───── EXTRACTED DATA

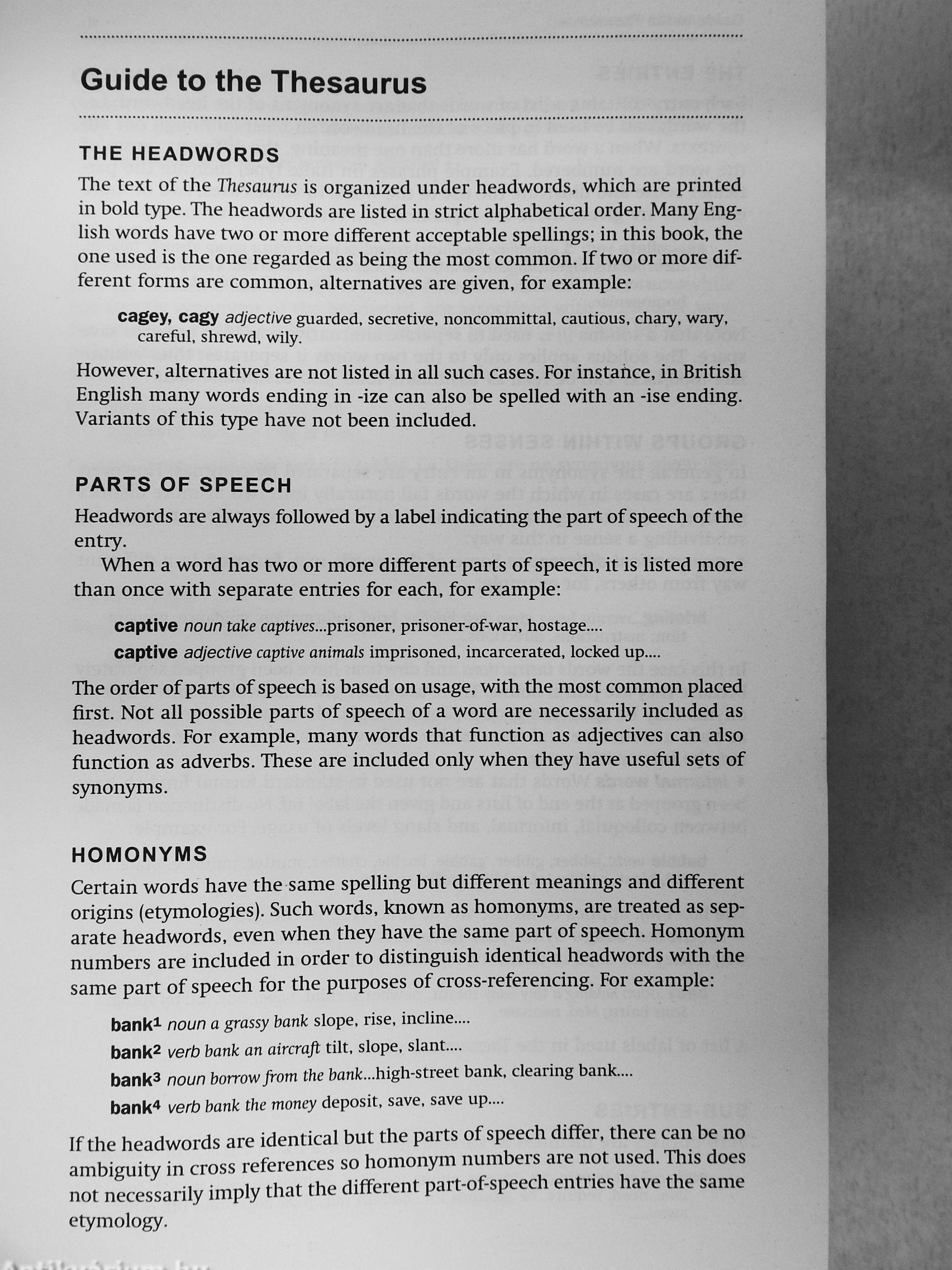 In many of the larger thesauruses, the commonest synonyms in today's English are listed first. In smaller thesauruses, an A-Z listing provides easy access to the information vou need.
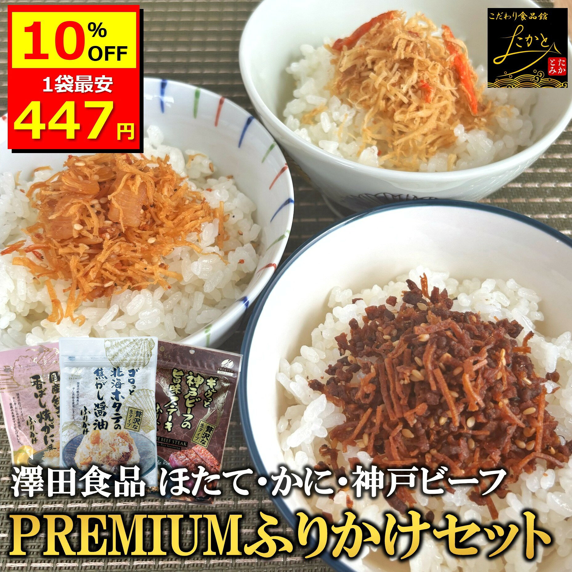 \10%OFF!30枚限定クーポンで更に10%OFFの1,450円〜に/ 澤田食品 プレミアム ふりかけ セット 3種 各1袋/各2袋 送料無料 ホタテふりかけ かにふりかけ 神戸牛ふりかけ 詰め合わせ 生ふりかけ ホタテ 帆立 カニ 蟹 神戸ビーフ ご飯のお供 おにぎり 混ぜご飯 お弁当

──────────
───── EXTRACTED DATA

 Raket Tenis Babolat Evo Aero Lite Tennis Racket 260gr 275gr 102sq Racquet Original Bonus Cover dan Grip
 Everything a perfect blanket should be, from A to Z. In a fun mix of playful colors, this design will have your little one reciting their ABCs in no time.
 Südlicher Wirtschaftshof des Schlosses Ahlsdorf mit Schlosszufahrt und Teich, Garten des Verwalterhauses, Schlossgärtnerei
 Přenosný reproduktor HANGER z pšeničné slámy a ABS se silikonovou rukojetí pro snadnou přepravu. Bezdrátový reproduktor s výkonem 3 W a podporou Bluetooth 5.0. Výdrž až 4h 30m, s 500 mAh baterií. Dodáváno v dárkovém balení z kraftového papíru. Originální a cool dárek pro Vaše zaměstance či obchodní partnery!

──────────

Retype only this portion of the data above: the line containing "Raket Tenis Babolat", the line containing "Přenosný reproduktor HANGER", and all lines between them, exactly.

 Raket Tenis Babolat Evo Aero Lite Tennis Racket 260gr 275gr 102sq Racquet Original Bonus Cover dan Grip
 Everything a perfect blanket should be, from A to Z. In a fun mix of playful colors, this design will have your little one reciting their ABCs in no time.
 Südlicher Wirtschaftshof des Schlosses Ahlsdorf mit Schlosszufahrt und Teich, Garten des Verwalterhauses, Schlossgärtnerei
 Přenosný reproduktor HANGER z pšeničné slámy a ABS se silikonovou rukojetí pro snadnou přepravu. Bezdrátový reproduktor s výkonem 3 W a podporou Bluetooth 5.0. Výdrž až 4h 30m, s 500 mAh baterií. Dodáváno v dárkovém balení z kraftového papíru. Originální a cool dárek pro Vaše zaměstance či obchodní partnery!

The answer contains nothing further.